Re: [PATCH v4 4/4] selftests/mm: add tests for HWPOISON hugetlbfs read

From: Muhammad Usama Anjum
Date: Wed Jan 10 2024 - 05:15:47 EST


On 1/10/24 11:49 AM, Muhammad Usama Anjum wrote:
> On 1/6/24 2:13 AM, Jiaqi Yan wrote:
>> On Thu, Jan 4, 2024 at 10:27 PM Muhammad Usama Anjum
>> <usama.anjum@xxxxxxxxxxxxx> wrote:
>>>
>>> Hi,
>>>
>>> I'm trying to convert this test to TAP as I think the failures sometimes go
>>> unnoticed on CI systems if we only depend on the return value of the
>>> application. I've enabled the following configurations which aren't already
>>> present in tools/testing/selftests/mm/config:
>>> CONFIG_MEMORY_FAILURE=y
>>> CONFIG_HWPOISON_INJECT=m
>>>
>>> I'll send a patch to add these configs later.

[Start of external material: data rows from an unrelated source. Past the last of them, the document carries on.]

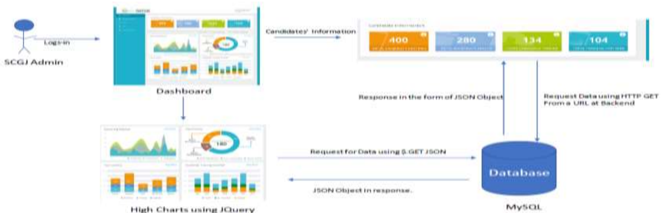
Fig -4: Work-flow of Data Analytic and Dashboard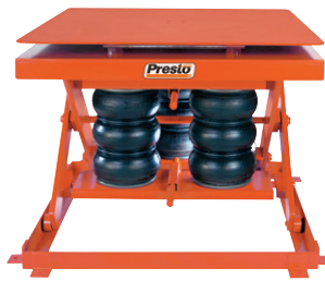
Pneumatic Scissor Lift & Rotate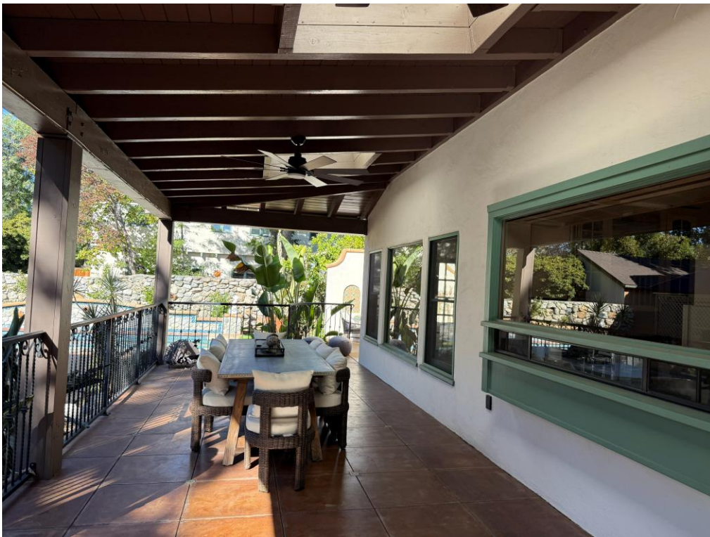
Covered porch in the rear outside the kitchen and dining room.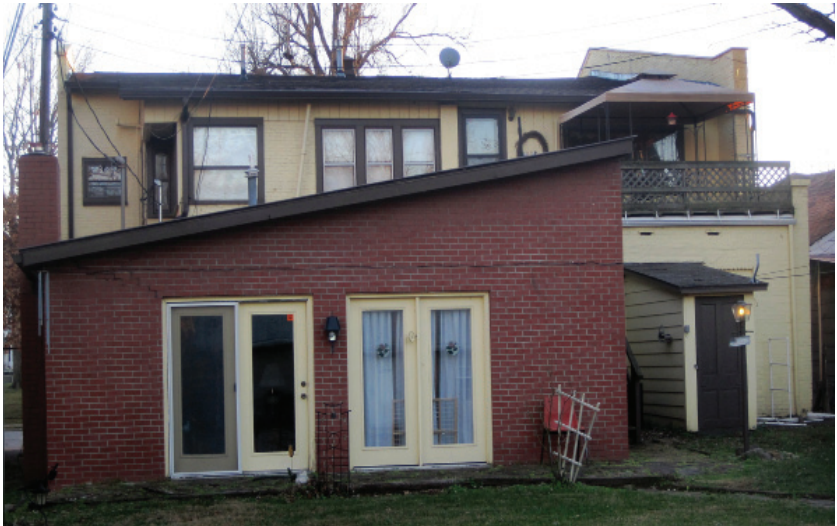
Figure 6. Rear additions of the Sim House in Golconda, Illinois.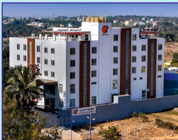
# 225, Behind Tata Motors, Arishinakunte, Off Tumkur Road, Nelamangala, Bangalore - 562 123. www.jupiterhospitalnel.com

Our Jupiter Hospital, Malleswaram is a 100 bedded multi speciality hospital located in Malleswaram. It was established in 1997. It has over 50 reputed consultants in its panel. With our new 100 bedded multi speciality Jupiter Hospitals in Nelamangala (NABH accredited) a total of 200 bedded clinical facilities are made available to all our students. The new hospital has a fully equipped modern diagnostic 24x7 Laboratory and other facilities like x-ray, ultrasound, uroflowmetry, stress ECG, (TMT) Endoscopy, Laparoscopy, Physiotherapy, Dialysis and even Digital Subtraction Angiogram (DSA). It also has ICU & NICU facility, minor and major operation theaters and labour theaters with latest equipments. A modern Fertility Center is a unique feature of our New Hospital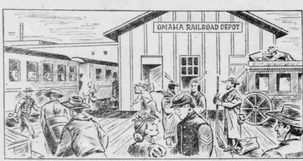
Nebraska's first railway depot was perhaps as much a sight-seeing point as it was a take-off point for trains. Indians, buckskin-clad plainsmen, farmers, gamblers, businessmen, ladies-ALL could be seen daily at Omaha's first depot in 1868.

In pioneer days, Nebraska's taverns were colorful, too (too much so!). But times have changed. Today our taverns are quiet, respectable businesses which have, in recent years, earned the good will of all. 710 First Nat'l Bank Bldg., Lincoln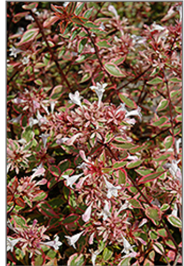
Sunshine Daydream Abelia flowers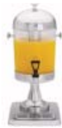
629-625 Juice Dispenser $109.99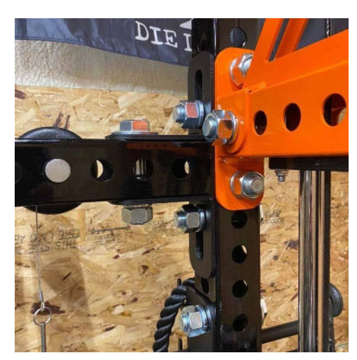
Universal Bracket Connected to Stray Dog Upright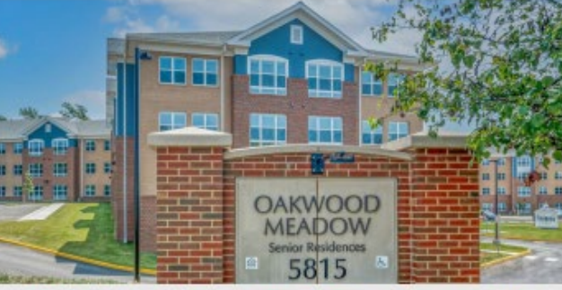
Oakwood Senior Apartments 150 Senior Apartments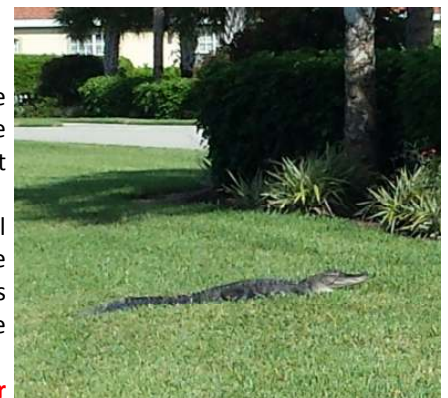
Gator near BTP Blvd.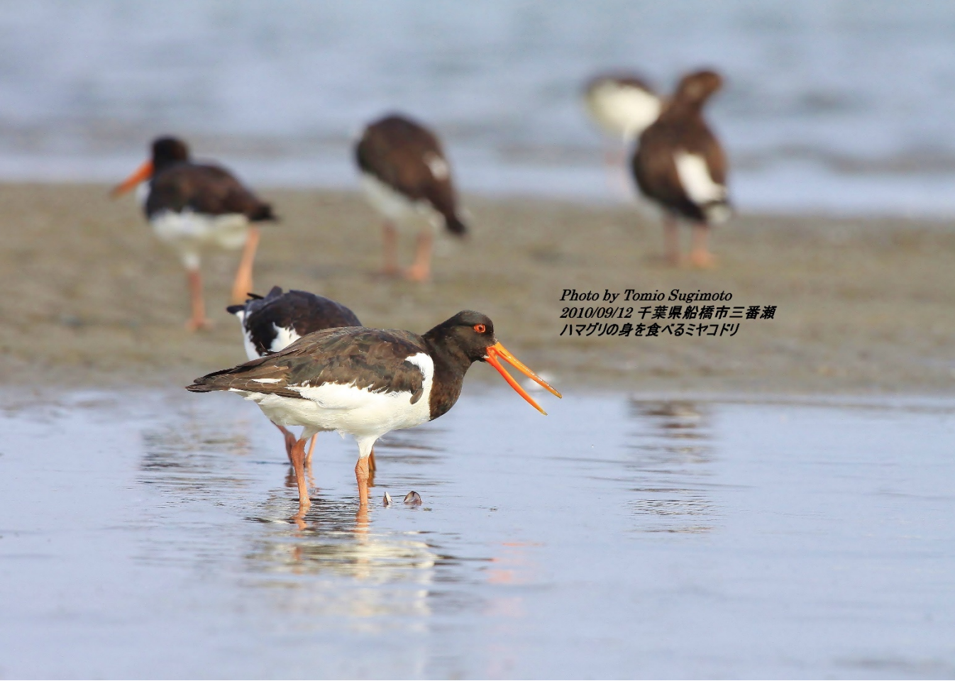
2010/09/12 千葉県船橋市三番瀬 ハマグリを食べるミヤコドリ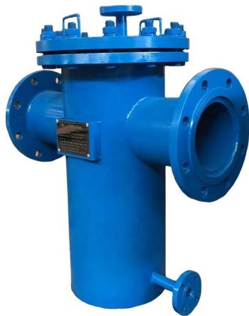
Carbon steel basket filter, surface painting Flange connection type top lid

Right now I'm trying to
>>> investigate the failure when we are trying to inject the poison page by
>>> madvise(MADV_HWPOISON). I'm getting device busy every single time. The test
>>> fails as it doesn't expect any business for the hugetlb memory. I'm not
>>> sure if the poison handling code has issues or test isn't robust enough.
>>>
>>> ./hugetlb-read-hwpoison
>>> Write/read chunk size=0x800
>>> ... HugeTLB read regression test...
>>> ... ... expect to read 0x200000 bytes of data in total
>>> ... ... actually read 0x200000 bytes of data in total
>>> ... HugeTLB read regression test...TEST_PASSED
>>> ... HugeTLB read HWPOISON test...
>>> [ 9.280854] Injecting memory failure for pfn 0x102f01 at process virtual
>>> address 0x7f28ec101000
>>> [ 9.282029] Memory failure: 0x102f01: huge page still referenced by 511
>>> users
>>> [ 9.282987] Memory failure: 0x102f01: recovery action for huge page: Failed
>>> ... !!! MADV_HWPOISON failed: Device or resource busy
>>> ... HugeTLB read HWPOISON test...TEST_FAILED
>>>
>>> I'm testing on v6.7-rc8. Not sure if this was working previously or not.
>>
>> Thanks for reporting this, Usama!
>>
>> I am also able to repro MADV_HWPOISON failure at "501a06fe8e4c
>> (akpm/mm-stable, mm-stable) zswap: memcontrol: implement zswap
>> writeback disabling."
>>
>> Then I checked out the earliest commit "ba91e7e5d15a (HEAD -> Base)
>> selftests/mm: add tests for HWPOISON hugetlbfs read". The
>> MADV_HWPOISON injection works and and the test passes:
>>
>> ... HugeTLB read HWPOISON test...
>> ... ... expect to read 0x101000 bytes of data in total
>> ... !!! read failed: Input/output error
>> ... ... actually read 0x101000 bytes of data in total
>> ... HugeTLB read HWPOISON test...TEST_PASSED
>> ... HugeTLB seek then read HWPOISON test...
>> ... ... init val=4 with offset=0x102000
>> ... ... expect to read 0xfe000 bytes of data in total
>> ... ... actually read 0xfe000 bytes of data in total
>> ... HugeTLB seek then read HWPOISON test...TEST_PASSED
>> ...
>>
>> [ 2109.209225] Injecting memory failure for pfn 0x3190d01 at process
>> virtual address 0x7f75e3101000
>> [ 2109.209438] Memory failure: 0x3190d01: recovery action for huge
>> page: Recovered
>> ...
>>
>> I think something in between broken MADV_HWPOISON on hugetlbfs, and we
>> should be able to figure it out via bisection (and of course by
>> reading delta commits between them, probably related to page
>> refcount).
> Thank you for this information.
>
>>
>> That being said, I will be on vacation from tomorrow until the end of
>> next week. So I will get back to this after next weekend. Meanwhile if
>> you want to go ahead and bisect the problematic commit, that will be
>> very much appreciated.
> I'll try to bisect and post here if I find something.
Found the culprit commit by bisection:

a08c7193e4f18dc8508f2d07d0de2c5b94cb39a3
mm/filemap: remove hugetlb special casing in filemap.c

hugetlb-read-hwpoison started failing from this patch. I've added the
author of this patch to this bug report.

>
>>
>> Thanks,
>> Jiaqi
>>
>>
>>>
>>> Regards,
>>> Usama
>>>